I start my writing with a quote, because as a kind of literary ceremony I like to invoke our greats who lived under the spell of the Hungarian language. You don't have to be a writer to live under the spell of the ancient power and limitless beauty of the Hungarian language. If someone ponders a word even for a moment, then separates it from his everyday speech and says it over and over again, he will hear its ancient music, which pulsates through time from the depths of centuries and millennia. It's an intoxicating feeling. There are words in which I hear the screeching of the devil's chariot in the wilderness, and there are also words in which the stone music of forest streams; one of my favorite words is autumn (or winter, as the csangó poet Demeter Lakatos wrote and said).

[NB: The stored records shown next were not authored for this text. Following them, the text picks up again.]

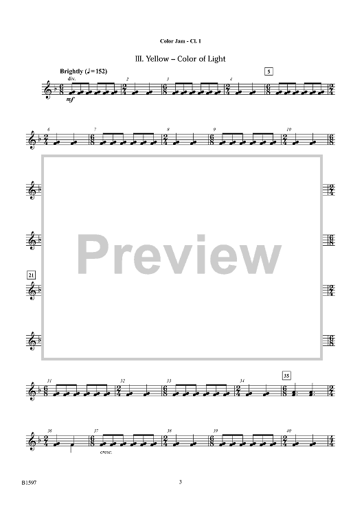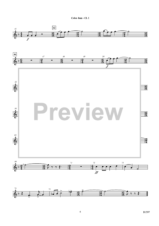 Digital Sheet Music for Color Jam - Bb Clarinet 1 by Timothy Loest scored for Concert Band; id:447490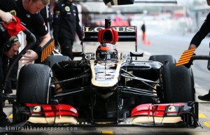 Kimi Raikkonen (FIN) Lotus F1 E21 in the pits.
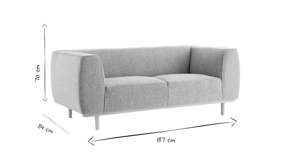 Allié des petits espaces, ce canapé contemporain (L187 X P84 X H70 cm) a été conçu pour s'adapter aux pièces de vie étroites sans pour autant rogner sur le bien-être. Pour un maximum de confort, les coussins d'assise possèdent un épais rembourrage qui mixe de la mousse polyuréthane HR (densité 30kg/m3) et de la ouate (densité 300 g/m2).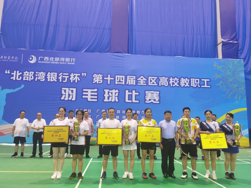 2023年6月1日至3日,第十四届全区高校教职工羽毛球赛在广西民族师范学院举行。我校派出13名教职工参加本次比赛。本次比赛共有48所本专科院校、640名运动员参赛。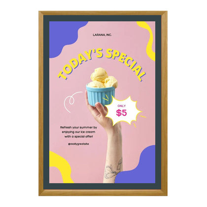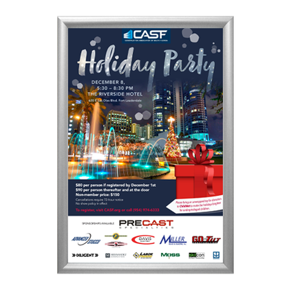 This front-loading aluminum poster snap frame has four mitered corners. It presents a classic picture frame style and comes in 5 finishes that most businesses and organizations buy. It's the best-selling of all the snap frame design types.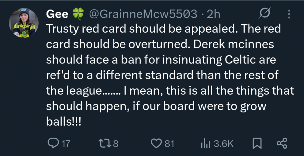 Locky Posted January 18 Posted January 18 Eek. This is going to have to be another battle. Celtic need the win, but our front line might find a bit more space and joy than in recent weeks. We're going to have to just try and grind it out and hope we hit them on the break. Oh, and try and keep 11 men on the park. My heart says a very valiant 1-1 draw, to march well into February firmly top of the league. My head says 2-0 Celtic.
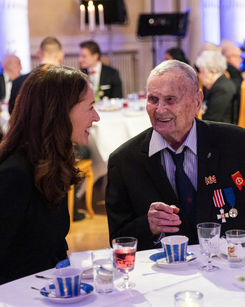 Presidenttipari kiersi veteraanien ja lottien pöydissä keskustelemassa kunniavieraiden kanssa. Valtiosalissa pidettyyn juhlaan osallistui noin 20 sotiemme veteraania ja lottaa.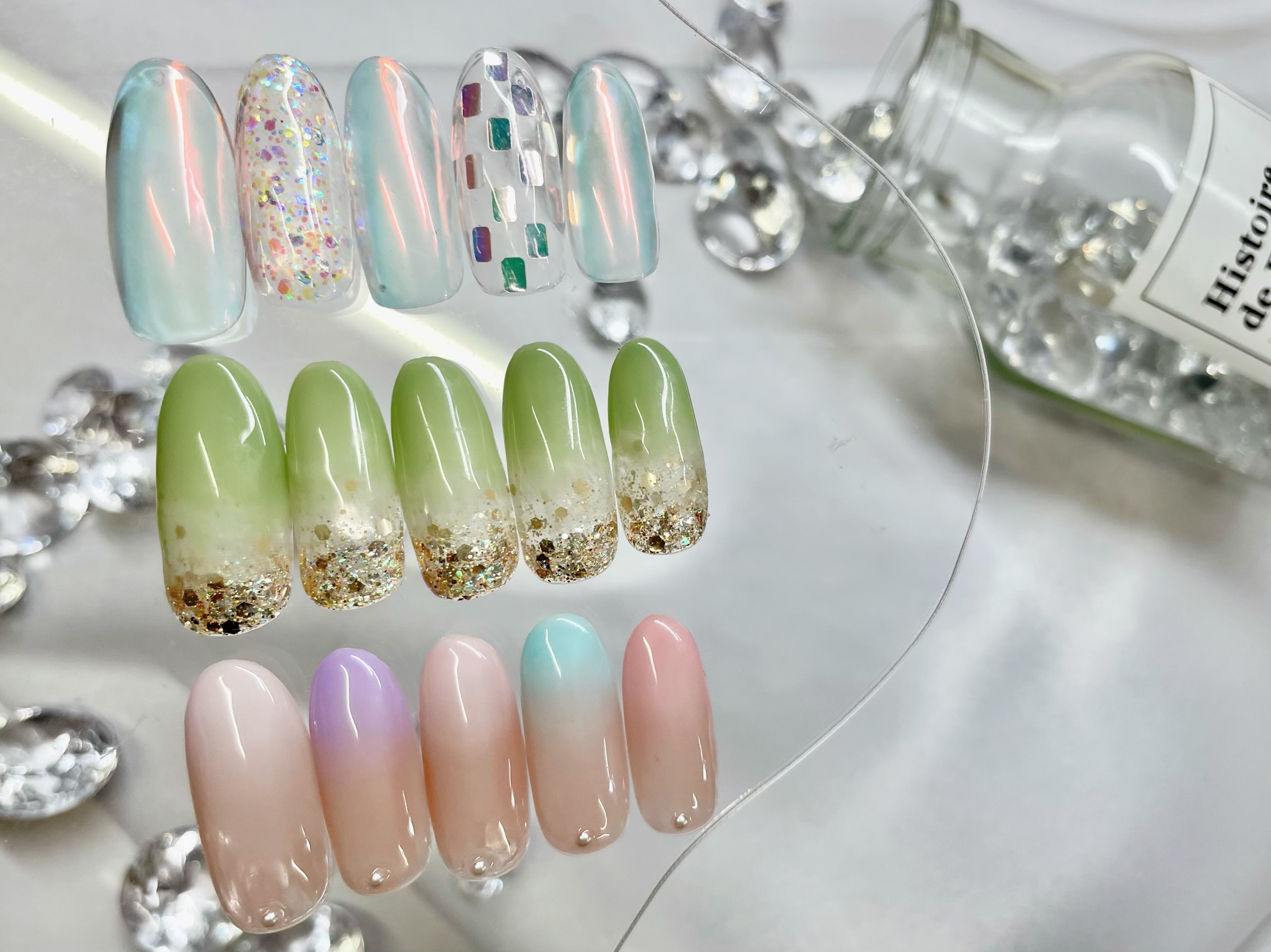 小ぶりなストーンとホロでキラッと彩り♪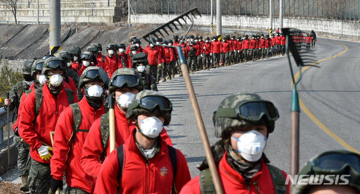 海兵隊、蔚珍の山火事消火活動に投入(3/12)

As a writer, I love the Hungarian language, I am obsessed with it, but I don't sacrifice to it in a secret church, but in my everyday speech, when I talk to my son, write, or talk to my friend over a glass of wine. The Hungarian language is the only country to which I can escape, the only country in which I can build the worlds I dream of and put into words the nightmarish images that torment my mind.

And yes, I believe that anyone who knows Hungarian has a devil.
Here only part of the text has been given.